Engineering firm Costain has kicked off a £10m share buyback after it revealed a set of strong results this morning.
In its half-year results, the company revealed that adjusted operating profit had jumped 8.7 per cent to £16.3m, thanks to an increased operating margin at its transportation arm and increased revenue at its natural resources division.
However, Costain’s revenue dropped from £664.4m to £639.3m due to the cancellation of HS2.
Peel Hunt analyst Andrew Nussey stressed that Costain’s valuation was “underpinned by the net cash position”, which grew to £166m in the first half of the year, compared to its market cap of just £262m.
This is up from the group’s average net cash position of £123m in the first half of 2023.
The company confirmed it remained on track to deliver an adjusted operating margin run-rate of 3.5 per cent this year, and 4.5 per cent in 2025.
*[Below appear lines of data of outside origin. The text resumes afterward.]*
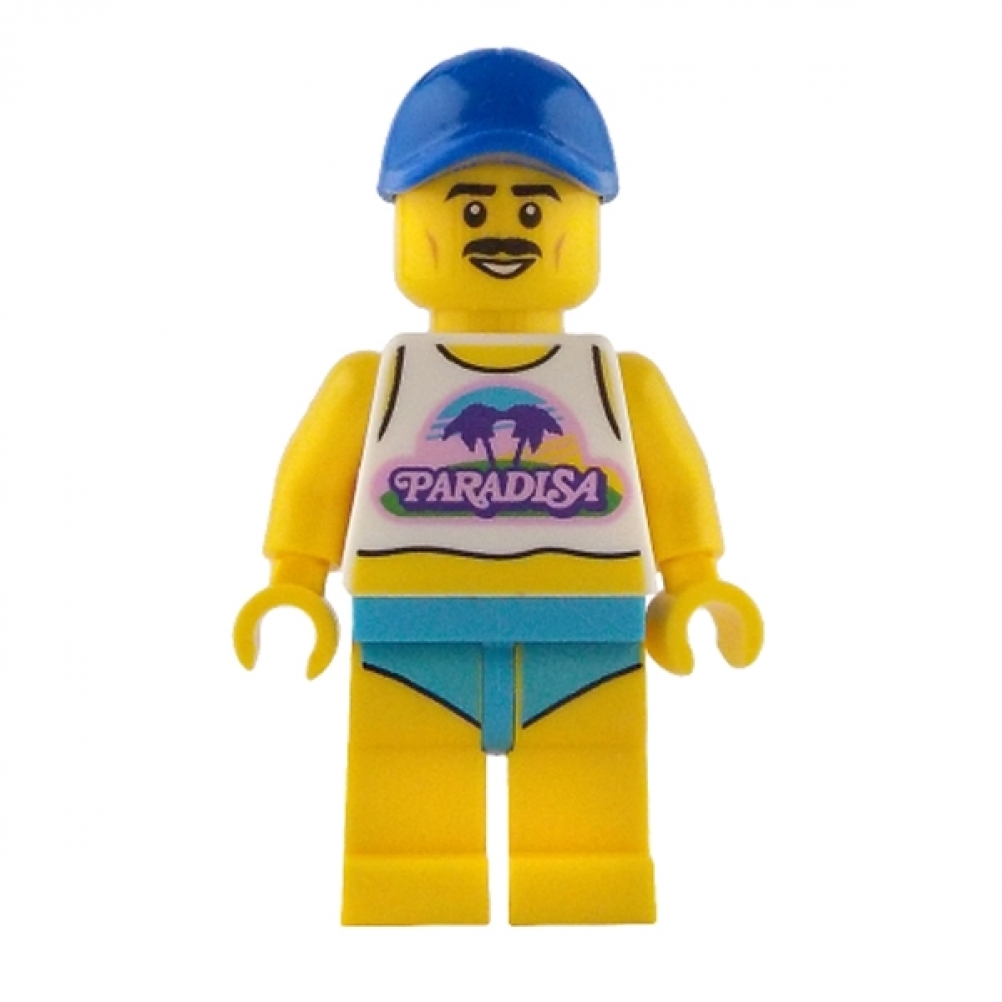 Con il suo look rilassato e pieno di stile anni ’90, questa minifigure della linea LEGO® Paradisa indossa una canotta sportiva, pantaloncini chiari e sfoggia un cappello blu. Perfetto per accompagnare scene da resort, passeggiate sul lungomare o avventure estive in stile vintage LEGO®.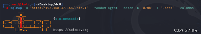 sqlmap -u "http://192.168.37.148/?nid=1" --random-agent --batch -D 'd7db' -T 'users' --columns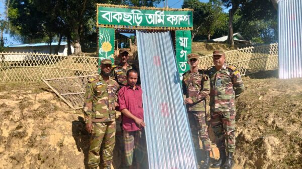 ২৬ নভেম্বর ২০২৫, বুধবার রাঙ্গামাটি নানিয়ারচর সেনা জোন (১৭ ই বেংগল) কর্তৃক ‘সম্প্রীতি ও উন্নয়ন প্রকল্প’ এর আওতায় নানিয়ারচর জোনের আওতাধীন বাকছড়ি এলাকার বাসিন্দার সমেন্ট চাকমার বসতঘর আগুনে পুড়ে যাওয়ায়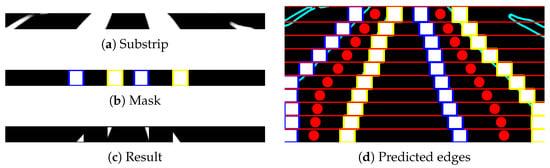 - When one of the search stopping criteria is met, the distance between the center and or have been updated as new margin values or . The mean of the white pixels within updated ROI bounds has taken as the new label centers for nth substrip and repeat the entire process for the next substrip until the last substrip is searched (Figure 8d).

This was due in part to securing a “significant volume of work” in the first half of 2024. The company ended the first half with an order backlog of £4.3bn. In recent weeks, an additional £500m of new work with Southern Water was secured.
In February, Costain announced it would relocate its headquarters from Maidenhead to 70 St Mary Axe, a London tower also known as the Can of Ham.
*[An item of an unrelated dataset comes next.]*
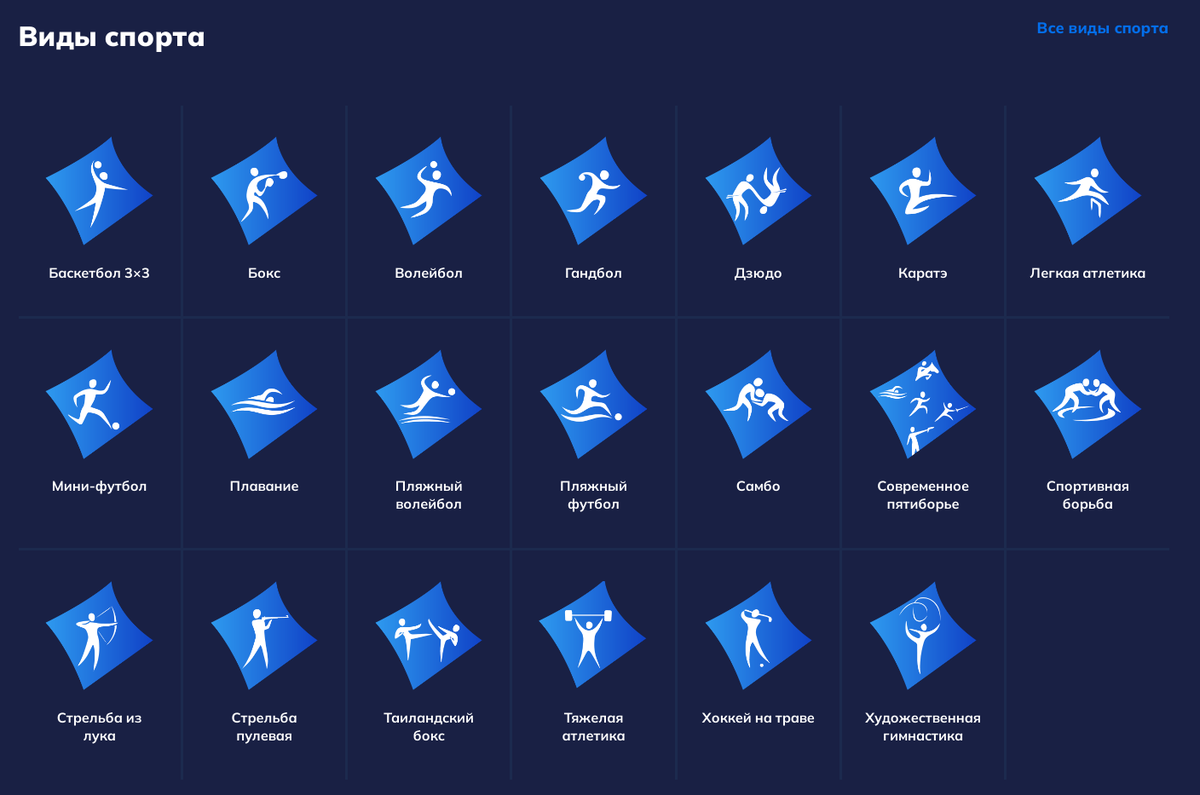 Чемпионы и призеры будут определены в 20 видах спорта: легкая атлетика, волейбол, художественная гимнастика, пулевая стрельба, пляжный футбол, современное пятиборье, баскетбол 3х3, мини-футбол, спортивная борьба, пляжный волейбол, гандбол, плавание, таиландский бокс, бокс, дзюдо, самбо, хоккей на траве, тяжелая атлетика, стрельба из лука, каратэ.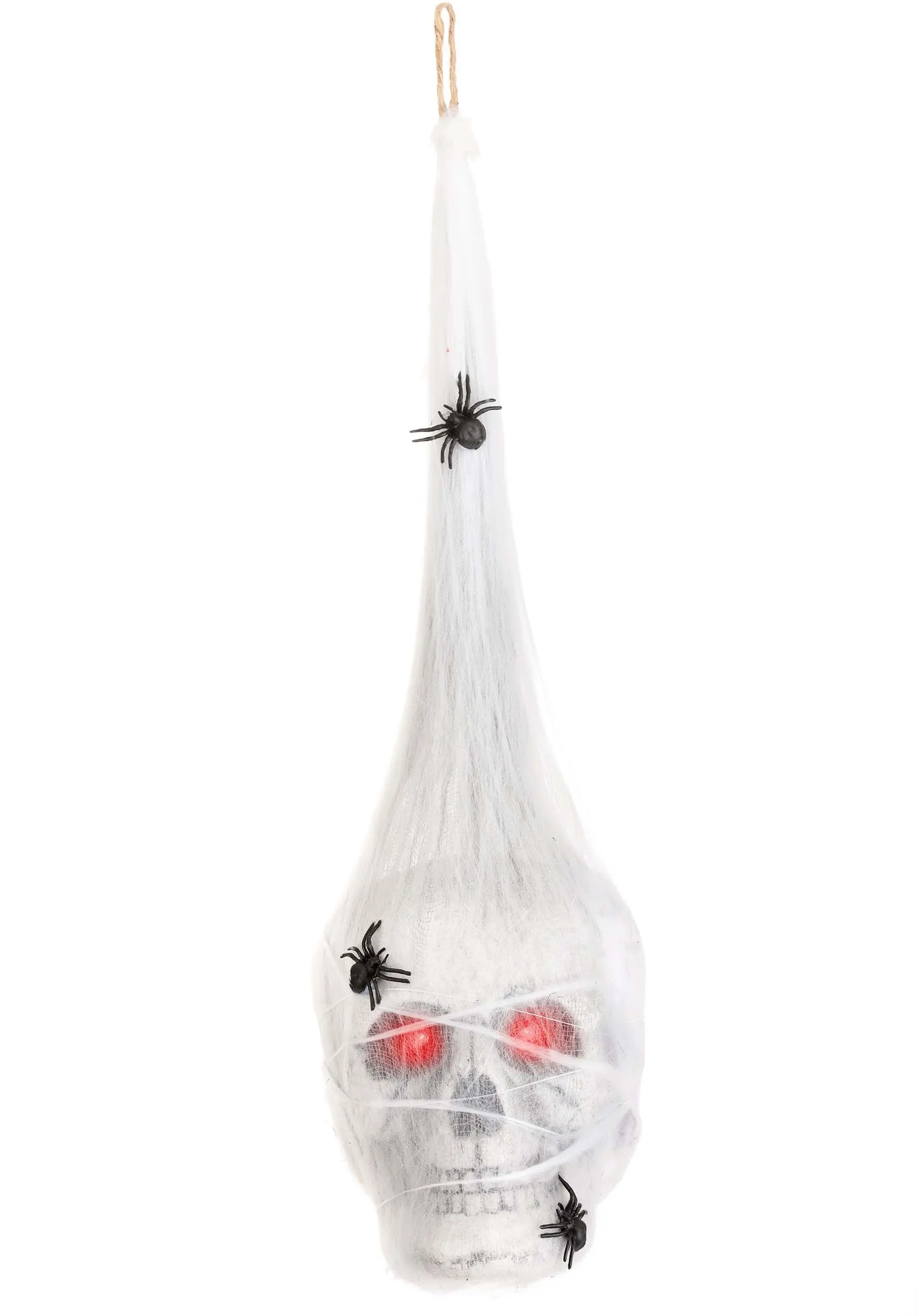 Set a truly frightening scene with this exclusive Cocoon Skull w/Red Light! The realistic skull is made of molded styrofoam and fitted with red bulbs in its eye sockets. When activated, the eyes will glow red and slowly flash on and off. The skull is encased in a spiderweb-esque netting festooned with plastic spiders. It ends in a loop for hanging.Â

Off the back of the strong results, Costain also announced a £10m share buyback and maintained its dividend at 0.4p per share for the first half.
Costain chief Alex Vaughan said: “We are performing strongly and are progressing with our strategic priorities in our chosen growth markets, including broadening our customer and service mix.
“Our focus on industry-leading solutions, predictable performance and long-term established customer relations has seen us win further significant water contracts post period end and we expect further wins for the group in the second half of the year.
“The quality and customer balance of our forward work position across our two divisions, together with strong highly visible market investment, gives us good visibility on future revenue and margin. We continue to deliver improvements in the business and remain confident in the group’s prospects.”